Projected Flight Path to Recovery

Although JETS remains a considerable distance from its pre-pandemic peak of $32, analysts foresee a promising outlook, predicting a 23% upside with an average price target of $24.28. Year-to-date (YTD), the ETF has already registered a 5% increase, showcasing resilience in the face of adversity.

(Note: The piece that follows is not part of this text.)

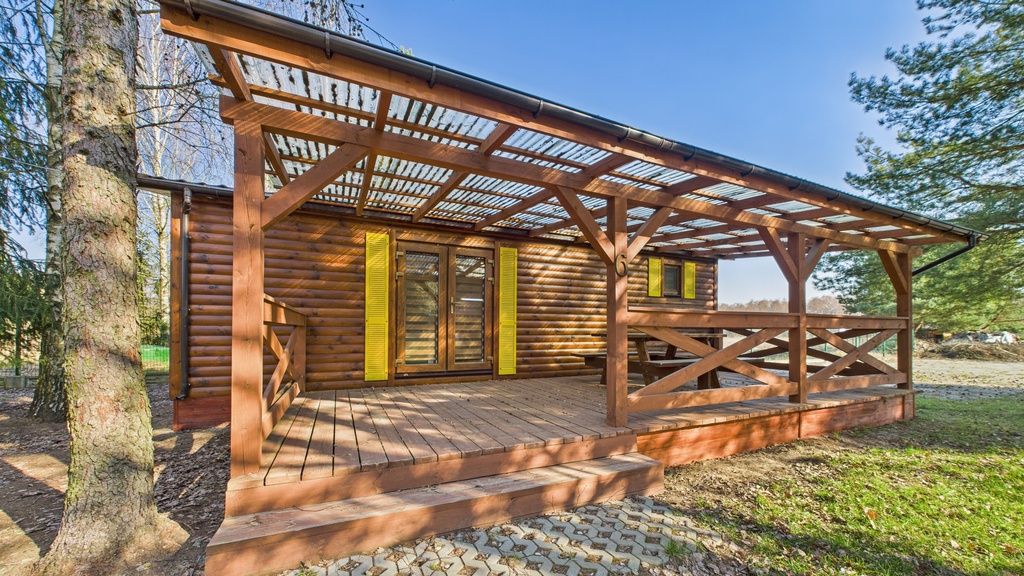 Konstrukcja stalowo-drewniana, dobudowane tarasy konstrukcji drewnianej. Wyposażone w energię elektryczną (ogrzewanie elektryczne), instalacja wod.-kan. W domkach znajduje się: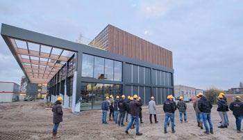 De projectleider van Heddes Bouw & Ontwikkeling verzorgt een rondleiding door de hal van het CAB waar de imponerende V-kolommen oprijzen, door het opengelegde dak heen. Op de bouwstelling boven het dak van de oudbouw is te zien hoe de eerste kanaalplaatvloeren op de robuuste draagconstructie van de nieuwbouw zijn gelegd. Kranen zie je bewegen boven drie

While investing in JETS may necessitate a long-term commitment, positioning oneself in the aviation sector during its turbulent phase could yield substantial returns once the industry regains its vigor, a rebound that appears inevitable.

On the date of publication, Philippa Main held a LONG position in VIK stock. The opinions expressed in this article are those of the writer, subject to the InvestorPlace.com Publishing Guidelines.

Philippa Main, a real estate agent in Virginia and Florida, leverages her expertise in the real estate market to inform her investments across diverse industries. Advocating financial education for women, she combines her roles in real estate, freelance writing, editing, and business development to empower individuals in navigating the realm of finance and investing.